▶ Instructions for the task:
The entries below are to be transcribed in full, without their images.

Segment Start: Information shown

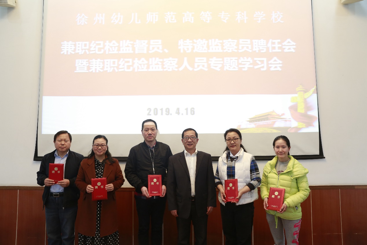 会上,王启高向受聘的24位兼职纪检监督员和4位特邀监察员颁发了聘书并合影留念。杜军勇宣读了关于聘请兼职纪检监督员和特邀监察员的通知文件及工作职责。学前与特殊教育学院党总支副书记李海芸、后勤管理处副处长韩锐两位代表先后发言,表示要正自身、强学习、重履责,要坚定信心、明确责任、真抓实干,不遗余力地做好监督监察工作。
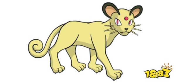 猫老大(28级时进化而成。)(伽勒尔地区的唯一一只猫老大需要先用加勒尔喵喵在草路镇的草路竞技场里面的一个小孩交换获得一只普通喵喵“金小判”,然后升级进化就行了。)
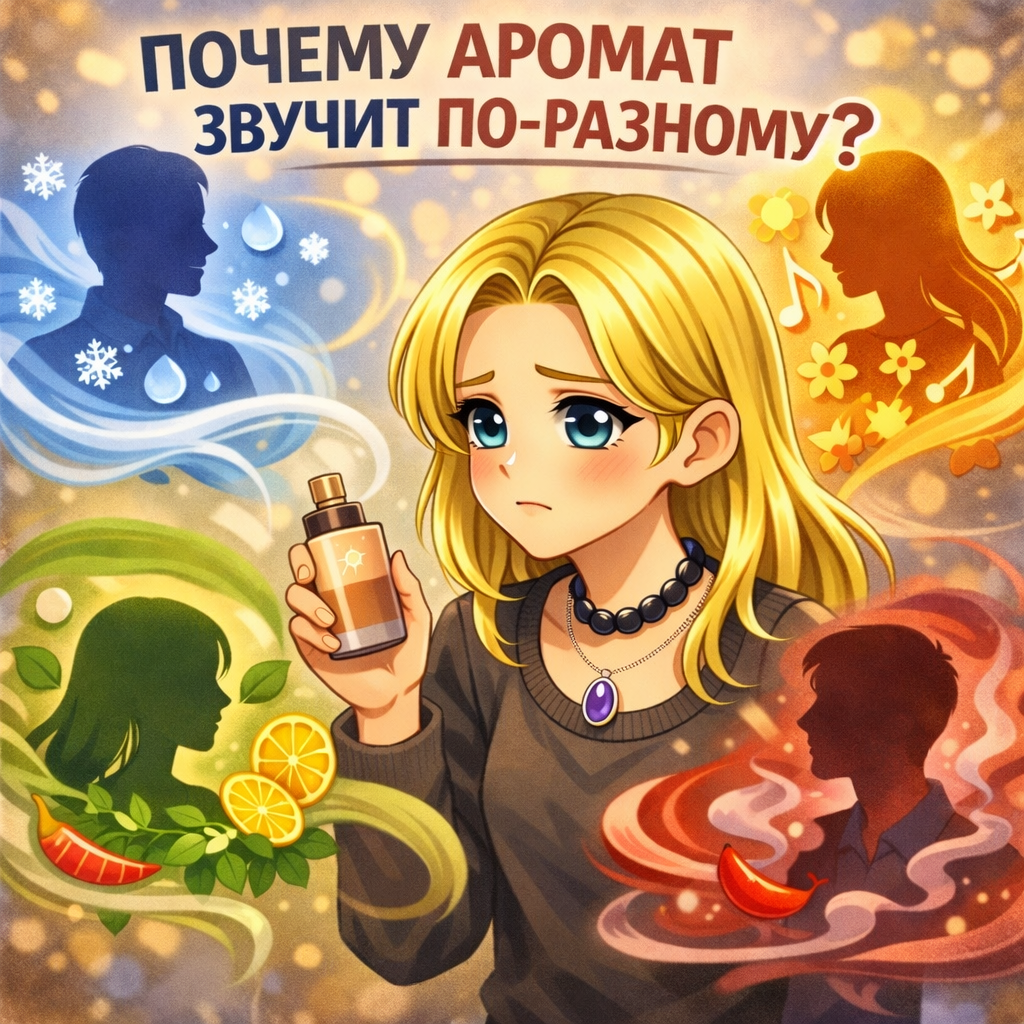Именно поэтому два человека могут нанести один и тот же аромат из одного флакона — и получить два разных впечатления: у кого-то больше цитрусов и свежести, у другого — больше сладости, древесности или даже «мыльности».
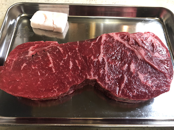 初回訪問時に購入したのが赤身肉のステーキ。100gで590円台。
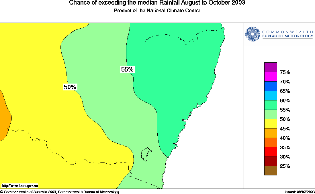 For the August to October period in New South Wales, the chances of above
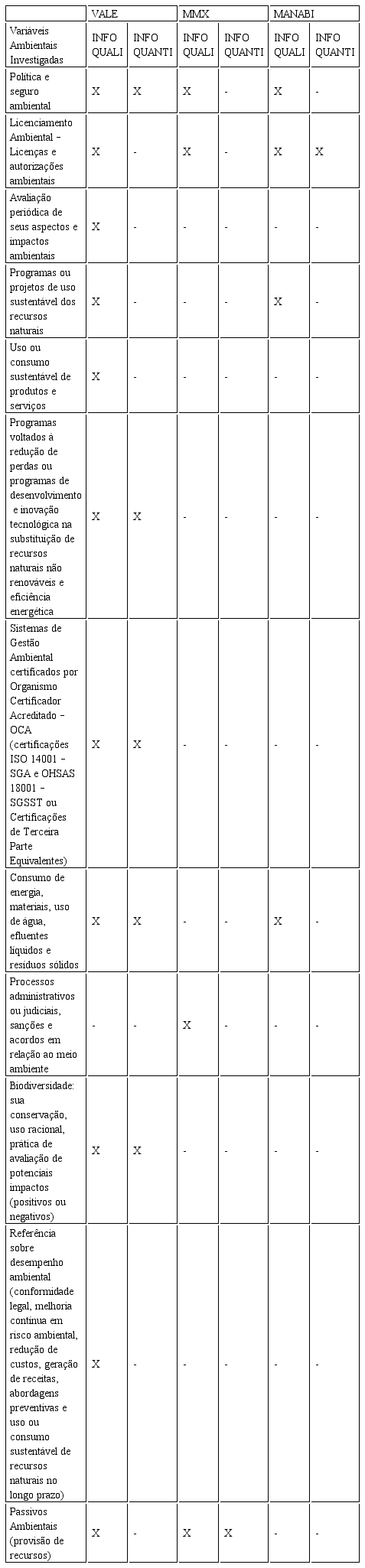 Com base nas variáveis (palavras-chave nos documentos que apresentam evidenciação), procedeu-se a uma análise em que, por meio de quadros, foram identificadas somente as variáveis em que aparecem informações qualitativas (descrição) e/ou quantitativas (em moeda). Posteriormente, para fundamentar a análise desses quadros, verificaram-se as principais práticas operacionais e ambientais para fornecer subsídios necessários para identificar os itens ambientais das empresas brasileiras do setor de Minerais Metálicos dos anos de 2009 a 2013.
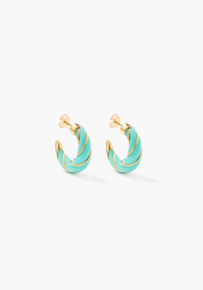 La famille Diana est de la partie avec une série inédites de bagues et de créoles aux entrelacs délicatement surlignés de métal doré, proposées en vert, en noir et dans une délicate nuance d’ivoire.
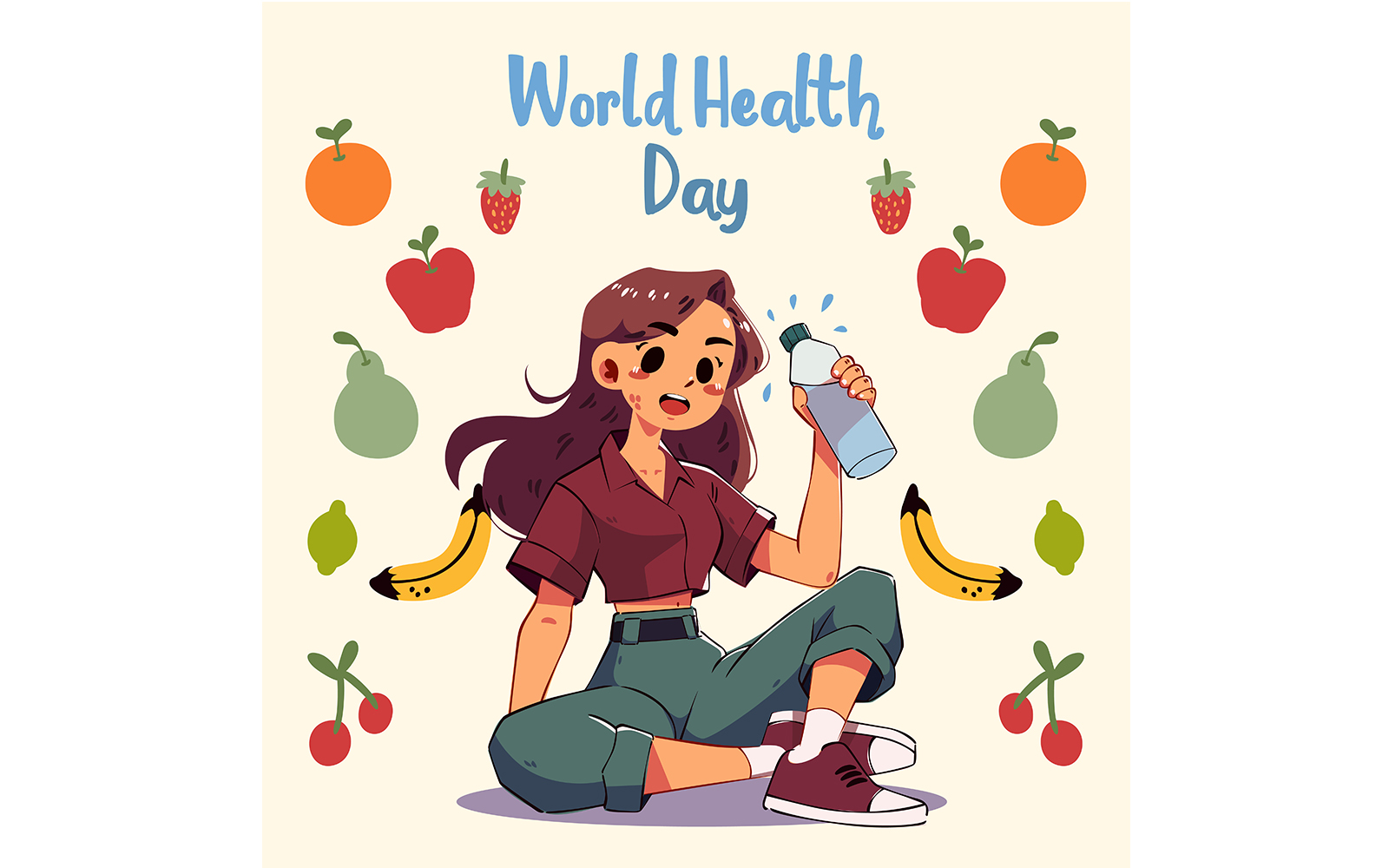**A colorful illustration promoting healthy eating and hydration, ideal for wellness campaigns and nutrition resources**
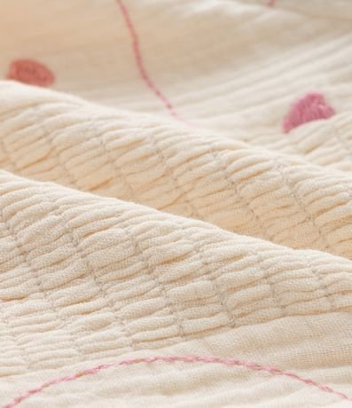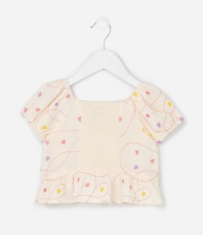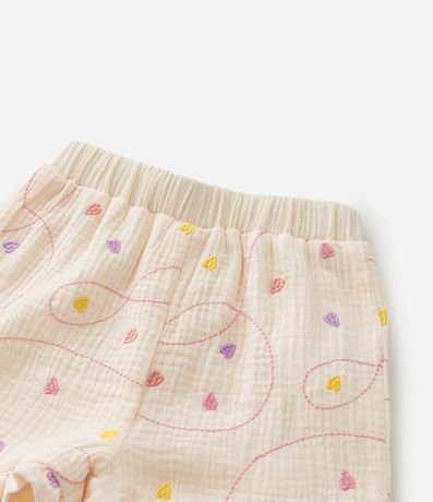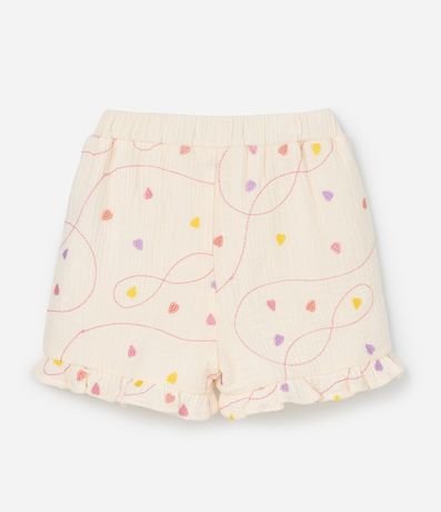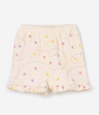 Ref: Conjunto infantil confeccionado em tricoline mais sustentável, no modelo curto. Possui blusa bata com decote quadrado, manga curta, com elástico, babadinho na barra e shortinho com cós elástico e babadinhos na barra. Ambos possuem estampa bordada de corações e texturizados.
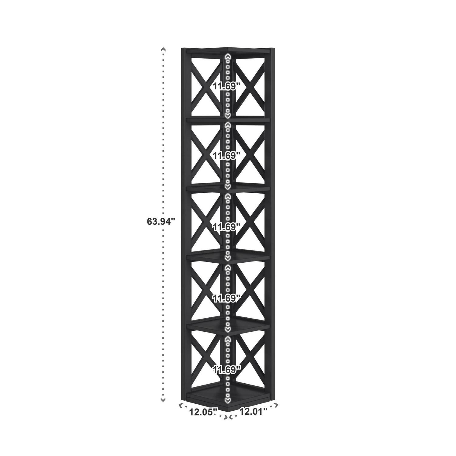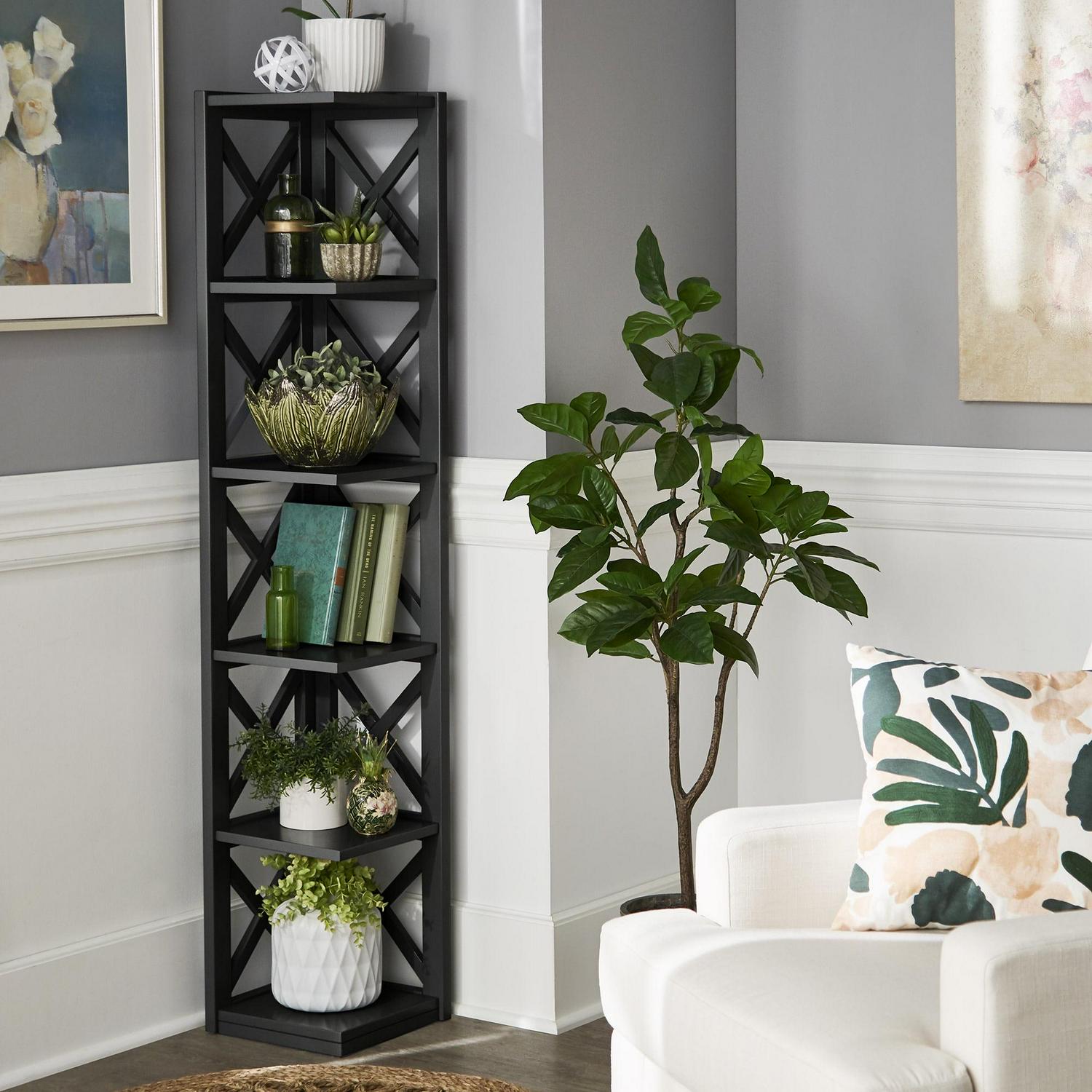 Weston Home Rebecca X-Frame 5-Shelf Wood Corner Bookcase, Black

Segment End: Information shown

▶ Written response:
 会上,王启高向受聘的24位兼职纪检监督员和4位特邀监察员颁发了聘书并合影留念。杜军勇宣读了关于聘请兼职纪检监督员和特邀监察员的通知文件及工作职责。学前与特殊教育学院党总支副书记李海芸、后勤管理处副处长韩锐两位代表先后发言,表示要正自身、强学习、重履责,要坚定信心、明确责任、真抓实干,不遗余力地做好监督监察工作。
 猫老大(28级时进化而成。)(伽勒尔地区的唯一一只猫老大需要先用加勒尔喵喵在草路镇的草路竞技场里面的一个小孩交换获得一只普通喵喵“金小判”,然后升级进化就行了。)
Именно поэтому два человека могут нанести один и тот же аромат из одного флакона — и получить два разных впечатления: у кого-то больше цитрусов и свежести, у другого — больше сладости, древесности или даже «мыльности».
 初回訪問時に購入したのが赤身肉のステーキ。100gで590円台。
 For the August to October period in New South Wales, the chances of above
 Com base nas variáveis (palavras-chave nos documentos que apresentam evidenciação), procedeu-se a uma análise em que, por meio de quadros, foram identificadas somente as variáveis em que aparecem informações qualitativas (descrição) e/ou quantitativas (em moeda). Posteriormente, para fundamentar a análise desses quadros, verificaram-se as principais práticas operacionais e ambientais para fornecer subsídios necessários para identificar os itens ambientais das empresas brasileiras do setor de Minerais Metálicos dos anos de 2009 a 2013.
 La famille Diana est de la partie avec une série inédites de bagues et de créoles aux entrelacs délicatement surlignés de métal doré, proposées en vert, en noir et dans une délicate nuance d’ivoire.
**A colorful illustration promoting healthy eating and hydration, ideal for wellness campaigns and nutrition resources**
 Ref: Conjunto infantil confeccionado em tricoline mais sustentável, no modelo curto. Possui blusa bata com decote quadrado, manga curta, com elástico, babadinho na barra e shortinho com cós elástico e babadinhos na barra. Ambos possuem estampa bordada de corações e texturizados.
 Weston Home Rebecca X-Frame 5-Shelf Wood Corner Bookcase, Black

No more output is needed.